Nous avons analysé tous les résultats des panels d'entreprises sur les dix derniers exercices pour déterminer la différence entre le moment où une société évalue le montant de son impôt pour l'année qu'elle ne connaît pas encore, c'est-à-dire l'année à venir, et celui où elle nous communique son estimation; bien sûr, c'est celle-ci que nous utilisons pour le projet de budget, parce que l'entreprise ne sait pas ce qui va se passer l'année à venir, elle procède à une projection.
Ensuite, nous avons comparé ces chiffres avec les taxations effectives, et nous nous sommes rendu compte qu'il y avait effectivement un biais négatif, ce qui est toutefois assez normal, car on ignore dans quelle situation on risque de se retrouver, il y a des incertitudes, on ne connaît pas l'avenir, les entreprises pas plus que les économètres ne sont en mesure de prédire le futur. Partant, nous avons ajusté les sommes avec une modification de 148 millions.

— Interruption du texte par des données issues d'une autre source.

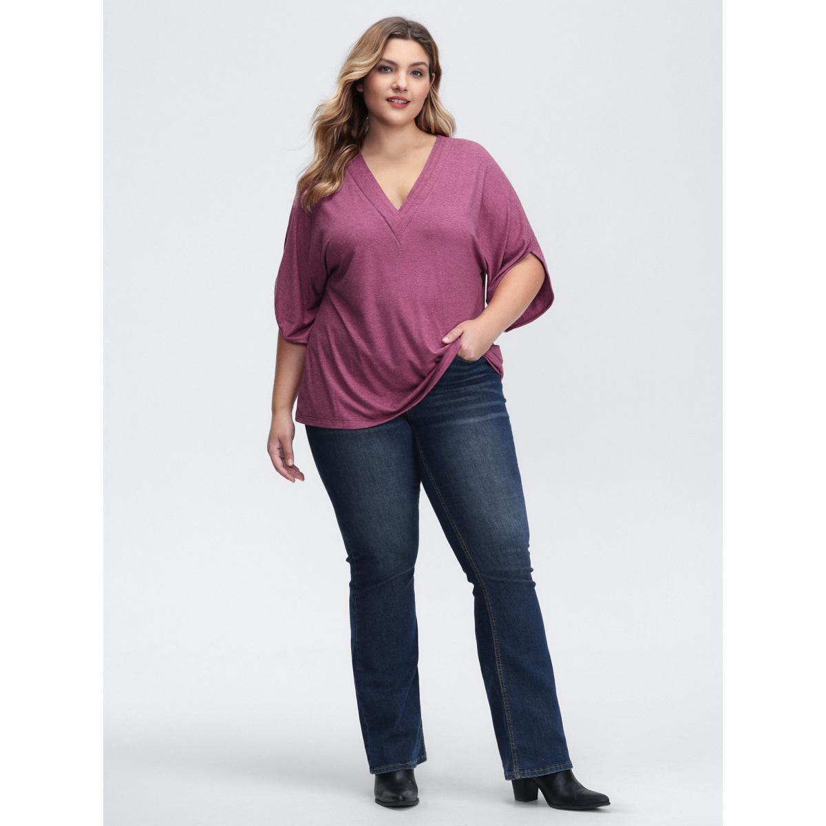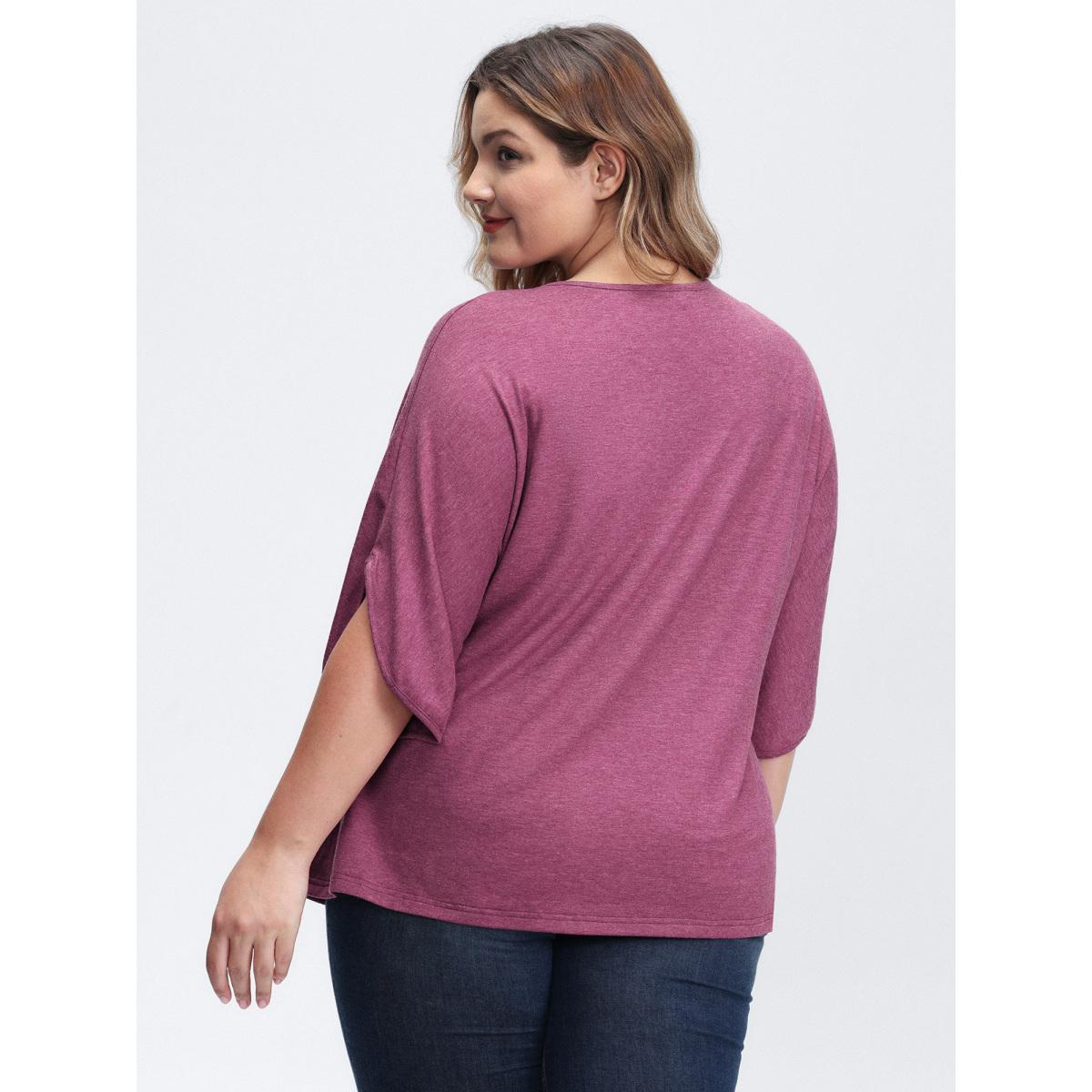 Plus Size V-Neck Plicated Detail Bat Sleeve T-Shirt Deeppurplered Women Leisure V-neck Casual T-shirts BloomChic 28/5X
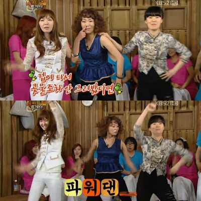 세 사람은 10일 오후 방송된 KBS 2TV '해피투게더3'에 출연해 소녀시대 '더 보이즈'를 라이브로 부르며 안무를 직접 선보였다.

Nous pensons que ces différentes mesures seront efficaces. Nous avons déjà pu constater un retour à la normale des recettes des personnes morales en 2024, donc la période exceptionnelle qu'ont représentée les années 2021, 2022 - surtout 2022 - et 2023 est passée. Nous avons également observé un recul du secteur du commerce de gros, qui ne réalise déjà plus, sur la base des comptes 2024, les mêmes recettes que celles enregistrées aux comptes 2023 et 2022. Aux yeux du Conseil d'Etat, les dispositions nécessaires ont été prises.
Enfin, nous avons sollicité une expertise (qui est en cours) pour déterminer s'il reste des pistes d'amélioration dans le cadre de nos prévisions fiscales. Sur la base de l'ensemble de ces éléments, nous estimons qu'il a été plus que répondu à la présente motion et qu'elle est aujourd'hui inutile. Au nom du Conseil d'Etat, nous vous recommandons dès lors de la rejeter. Je vous remercie, Mesdames et Messieurs.
Le président. Merci, Madame la présidente du Grand Conseil... du Conseil d'Etat ! (Remarque.) Mais elle l'a peut-être été aussi, je n'en sais rien. (Commentaires.) Peut-être ! (Commentaires.)
Une voix. Je vous propose d'échanger vos places, Monsieur le président, vous pouvez venir jouer à «Vis ma vie» pendant une semaine !
Le président. C'est la dernière fois que je peux dire ça, donc je profite ! Elle le méritait, de toute façon. Enfin bref... Mesdames et Messieurs, nous passons à la procédure de vote. Avant de mettre aux voix la prise en considération de cet objet, je vous invite à vous prononcer sur la demande d'amendement de la minorité visant à biffer la deuxième invite.
Mis aux voix, cet amendement est rejeté par 42 non contre 40 oui. (Exclamations à l'annonce du résultat.)
Mise aux voix, la proposition de motion 3009 est rejetée par 56 non contre 28 oui (vote nominal).